Art. 4º O atendimento virtual deverá ser efetuado diretamente entre médico e paciente, por meio de tecnologia que garanta a integridade, segurança e o sigilo das informações e deverá obrigatoriamente ser registrado em prontuário;

§ 1º O médico é obrigado a elaborar prontuário físico ou eletrônico contendo os dados clínicos necessários para a boa condução do caso, sendo registrado cada atendimento em ordem cronológica com data, hora, assinatura e número de registro do médico no Conselho Regional de Medicina e a Tecnologia da Informação e comunicação utilizada durante o atendimento, podendo anexar print's de tela e/ou e-mails impressos, bem como gravações de áudios;

§ 2º O médico deverá garantir o sigilo da informação;

§ 3º O Prontuário estará sob a guarda do médico ou da instituição que assiste o paciente;

Art. 5º Para executar a Telemedicina o médico deverá cumprir as seguintes etapas:

1) Informar ao paciente o formato do atendimento, de acordo com a disponibilidade do médico;

2) Solicitar ao paciente que manifeste seu consentimento para realização do atendimento através da plataforma utilizada durante a comunicação;

3) Registrar o atendimento em prontuário médico com todos os seus documentos como resultados de exames realizados, solicitações e documentos emitidos. Se possível gravar e arquivar a assistência prestada via Telemedicina da forma mais segura disponível;

4) Caso solicite imagem para avaliar a situação, salva-las no computador. Se possível imprimir e arquivar junto ao prontuário do paciente

Art. 6º O médico deverá obter o consentimento livre e esclarecido do paciente ou de seu representante legal nos atendimentos à distância, por escrito e assinado, ou de gravação da leitura do texto em concordância, devendo fazer parte do sistema de registro eletrônico/digital do Teleatendimento ao paciente;

Art. 7º É dever do médico na modalidade de Teleconsulta, ao final do atendimento emitir os documentos que forem necessários para conclusão do mesmo;

Art. 8º O Conselho Federal de Medicina (CFM), o Instituto Nacional de Tecnologia da Informação (ITI) e o Conselho Federal de Farmácia (CFF) lançaram uma ferramenta importante para que os médicos brasileiros possam, com segurança, no âmbito do atendimento por Telemedicina, emitir atestados ou receitas médicas em meio eletrônico;

§ 1º A emissão de receitas e atestados médicos a distância será válida em meio eletrônico mediante assinatura eletrônica, o médico deverá entrar na plataforma https://prescricaoeletronica.cfm.org.br/, "baixar" modelos de prescrições e atestados, preencher e assinar digitalmente - com o seu certificado ICP-Brasil, atendendo às exigências legais - a prescrição com a indicação de tratamento ao paciente. Para o farmacêutico, há um espaço de verificação da assinatura e dados de registro do médico, garantindo a segurança na dispensação do medicamento;

Art. 9º A entrega de receitas comuns, atestados e solicitações de exames poderão ser realizadas por serviço de entrega devendo o envio ser feito em envelope lacrado;

§ 1º A entrega somente da impressão física não substitui o envio do arquivo, pois a autenticidade da prescrição original deverá ser conferida;

Art. 10º A Telemedicina é um atendimento médico como outro qualquer, portanto segue os princípios do Código de Ética Médica: "Para exercer a medicina com honra e dignidade o medico necessita ter boas condições de trabalho e ser remunerado de forma justa". O Código também afirma que "É direito do médico estabelecer seus honorários de forma justa e digna".

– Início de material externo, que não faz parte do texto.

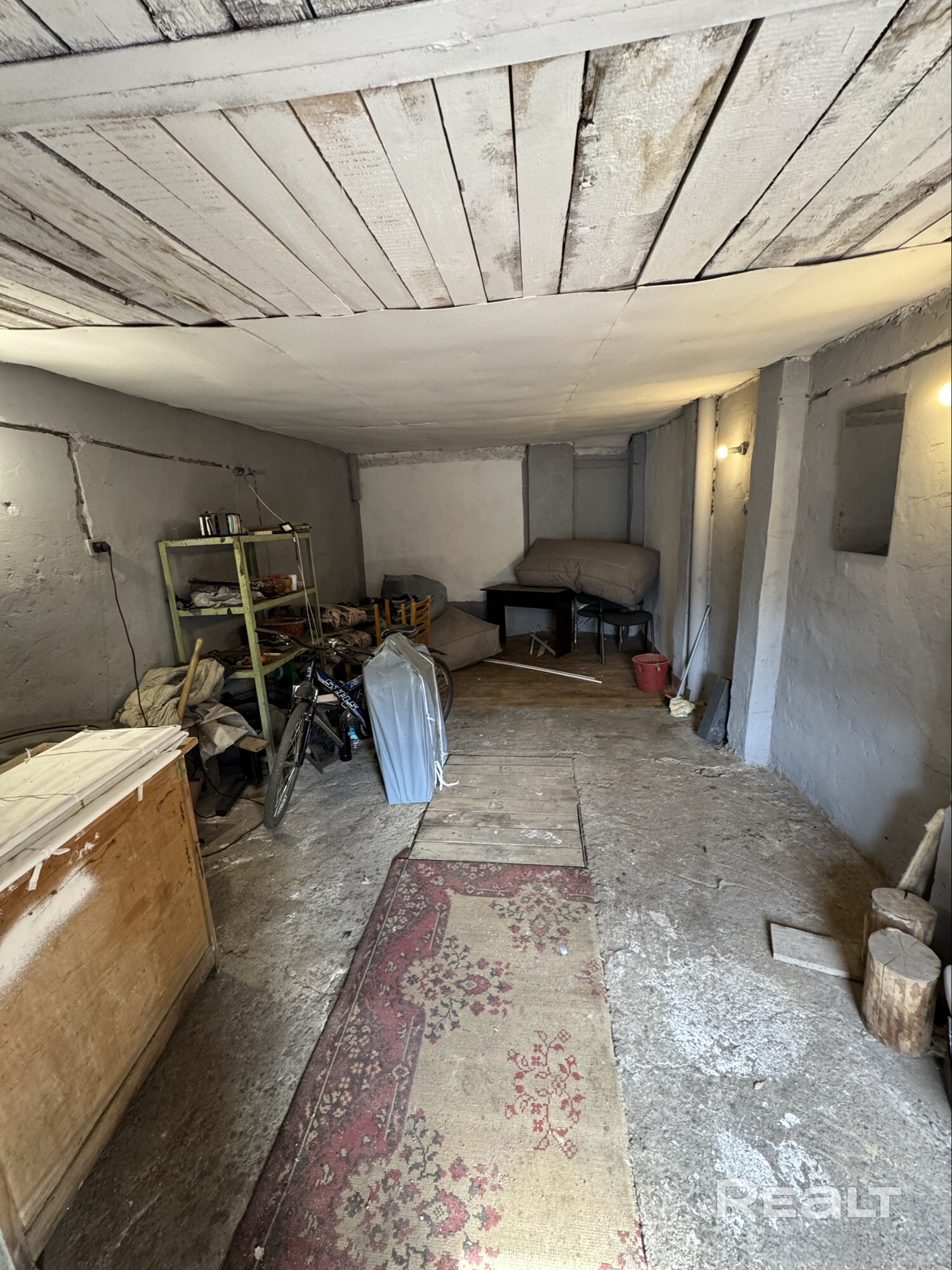 Просторный гараж, может стать до 2-х машин, есть погреб и яма, сделан косметический ремонт, покрашены стены влагостойкой краской и зашит часть потолка. На фото не прибрано, большинство заберется при продаже. На второй половине лежит хороший новый ламинат, был постелен в 2023 году, необходимо просто помыть пол.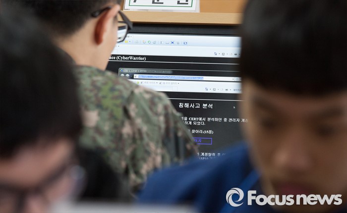(대전=포커스뉴스) 24일 오후 대전 유성구 자운대 국군정보통신학교에서 열린 2016년 육군 해킹 방어대회에 참가한 장병과 학생들이 문제풀이를 하고 있다.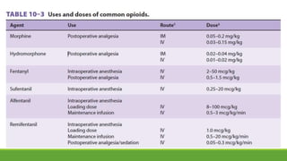Este documento resume la historia y clasificación de los compuestos opioides, incluyendo los receptores opioides, péptidos endógenos y propiedades farmacodinámicas. Los sumerios cultivaban la adormidera hace 5.000 años para fines medicinales. En el siglo XIX se comenzó a usar la morfina durante intervenciones quirúrgicas en guerras. Existen cuatro tipos principales de receptores opioides y tres tipos de péptidos endógenos que interactúan con ellos. Los opioides producen analgesia al im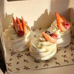 Crunchy meringue, with berries and air cream cheese. Decorated with berries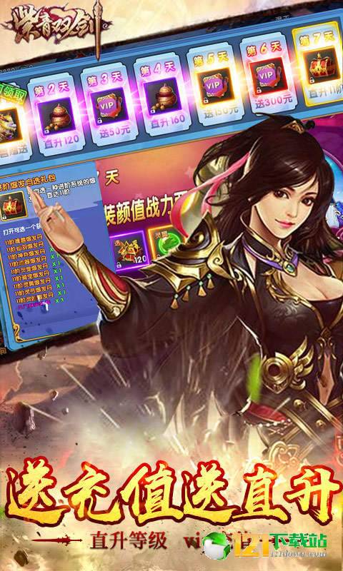 2、上线即获得超级VIP,88888绑钻,次日登录直升120级,三日登录送50元VIP充值卡,四日登录直升160级,五日登录送150元VIP充值卡,六日登录送300元VIP充值卡(达到最高VIP),七日登陆直接送上版本价值2K的任选进阶直升11阶爆发丹。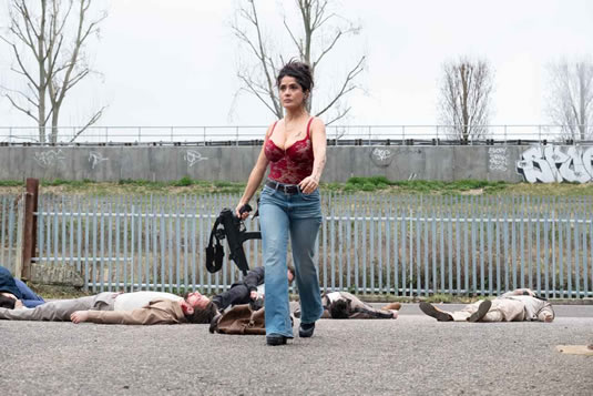十数人の男たちに一人で立ち向かっている女性ソニア( サルマ・ハエック)は、突然マイケルのサングラスとヘッドホンを奪い取り「一緒に来て!身を隠して!」と巻き込まれる。

§ 1º Antes de iniciar o atendimento por meio da Telemedicina o profissional deve deixar claro ao paciente e/ou seu representante legal o valor de seus honorários e as peculiaridades desse tipo de atendimento.

Art. 11º Esta Resolução entrará em vigor na data de sua publicação e vigorará enquanto perdurar a situação de calamidade e emergência da saúde pública, descritas nos decretos supramencionados.

Rosa de Fátima Leal de Souza

Presidente do Conselho

Anete Maria Barroso de Vasconcelos

2ª Secretária

Este conteúdo não substitui o publicado na versão certificada.